The United States has offered military aid to Mexico for the war against the drug cartels.

The offer came after a group of criminals killed and burned a helpless American family in northern Mexico.

President Trump explained that the victims got caught between two drug cartels shooting it out.

President Trump said the United States is willing to do the job quickly and effectively if López Obrador gives his permission.

The president of Mexico, after offering his condolences to President Trump, refused his help, even though Mexico is experiencing a historic upsurge in criminal violence.

Support for Guaidó grows in Central America

An expert has confirmed that the support for interim Venezuelan President Juan Guaidó is growing among the countries of Central America.

Héctor Schamis of Georgetown University explained that Salvadoran President Nayib Bukele's order to expel Venezuelan diplomats reflects this.

He also said he hopes that decisions like this will be replicated throughout Central America and that more countries will carry out similar actions against Nicolás Maduro's regime.

Guatemalan President-elect Alejandro Giammattei announced that he will break off relations with the Venezuelan regime.

U.S. Secretary of State Mike Pompeo also thanked the Salvadoran government for being the 57th nation to recognize Juan Guaidó as interim president of Venezuela.

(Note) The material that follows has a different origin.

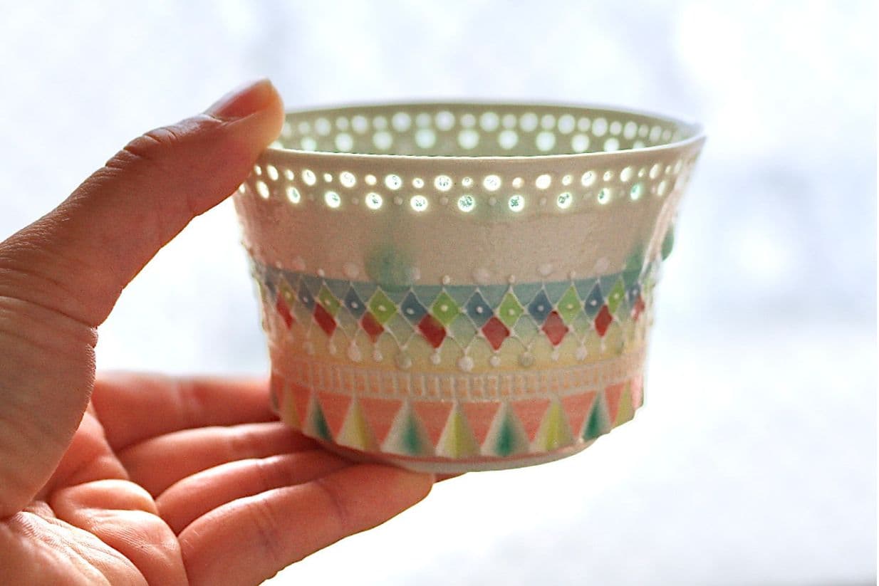 中にローソクやライトを入れて、溢れる光を楽しんだりする作品もありますが、二重構造にして器の表面を透し彫りにして楽しめる作品は、どこにもない、一点ものです。 ぜひ一度お手にとてください!

Bolivian opposition leader challenges government

Bolivian opposition leader Luis Fernando Camacho returned to Santa Cruz after not being allowed in La Paz.

The influential leader of the Pro Santa Cruz Civic Committee intended to deliver a letter of resignation to President Evo Morales to sign. 

However, on his arrival at El Alto airport, demonstrators identified as Evo Morales's supporters prevented him from leaving the airport.

The opposition declared that the group was sent by Morales officials.

Camacho informed Morales that he will fly to the city every day until he can see the president in person.

Analysts reported that the electoral scandal that shook Bolivia seems to be morphing into a political struggle.

The largest oil auction in Brazil's history

Brazil expects to raise more than $28.5 billion in licenses alone, with the largest auction of oil exploitation areas in its history. 

The Brazilian government decided to hold the auction after discovering that it has billions of barrels of reserves, more than expected.

The news came at the same time as the presentation of the new economic reforms package with which President Jair Bolsonaro seeks to clean up the public deficit.

President Bolsonaro warned that he will try to continue reducing public spending and accelerate privatization to stimulate the economy and generate more jobs and confidence in the markets.

Brazilian Economy Minister Paulo Guedes said he is confident that the new proposals will soon be approved and will guarantee the country a solid economy.